(Specially concurring).
I concur in the affirmance of the judgment below.
With respect to the claim against ISLIC, a liability insurer has no statutory duty to provide uninsured-motorist coverage if the “named insured” rejects such coverage. NMSA 1978, Section 66-5-301(0). APS rejected the coverage. Appellant contends on appeal that Saavedra was also a named insured, Saavedra did not waive uninsured-motorist coverage, and therefore ISLIC was not relieved of its duty to provide such coverage. The ISLIC policy, however, clearly includes only APS as a named insured. Moreover, Appellant cannot raise on appeal her contention that there is evidence to show that Saavedra was a named insured. Because she did not raise this contention prior to entry of the final judgment in favor of ISLIC, see SCRA 1986, 1-054(0(2), she failed to preserve it for appellate review, see SCRA 1986, 12-216.

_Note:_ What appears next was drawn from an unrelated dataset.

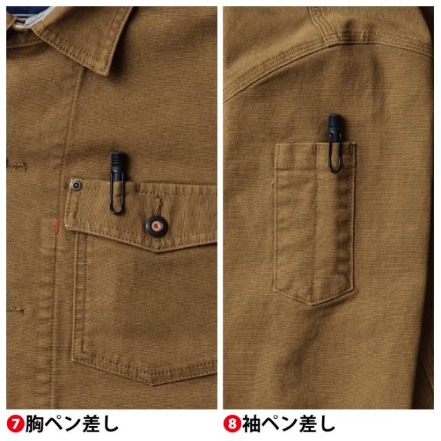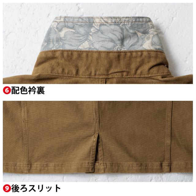 ◇機能:配色台衿・ブランドネーム・オリジナルドットボタン・フラップ裏配色・補強布・配色衿裏・胸ペン差し・袖ペン差し・後ろスリット・袖アジャストボタン・配色内ポケット・ボタンホールステッチ

As for the judgment in favor of General, General did not issue a liability policy on the bus being driven by Appellant. A “liability policy” is one that “insur[es] against loss resulting from liability imposed by law.” Section 66-5-301(A) (emphasis added). The only coverage provided by General with respect to Saavedra’s buses was for physical damage to the buses resulting from collisions and other specified causes. The only liability coverage provided by General was for one specific automobile listed in the policy. Because the General policy did not provide liability coverage with respect to the bus, the statute requiring uninsured-motorist coverage is inapplicable. See id.
Finally, I agree with the majority of the panel that no statutory provision or contract term required APS to provide or carry uninsured-motorist coverage on the bus driven by Appellant.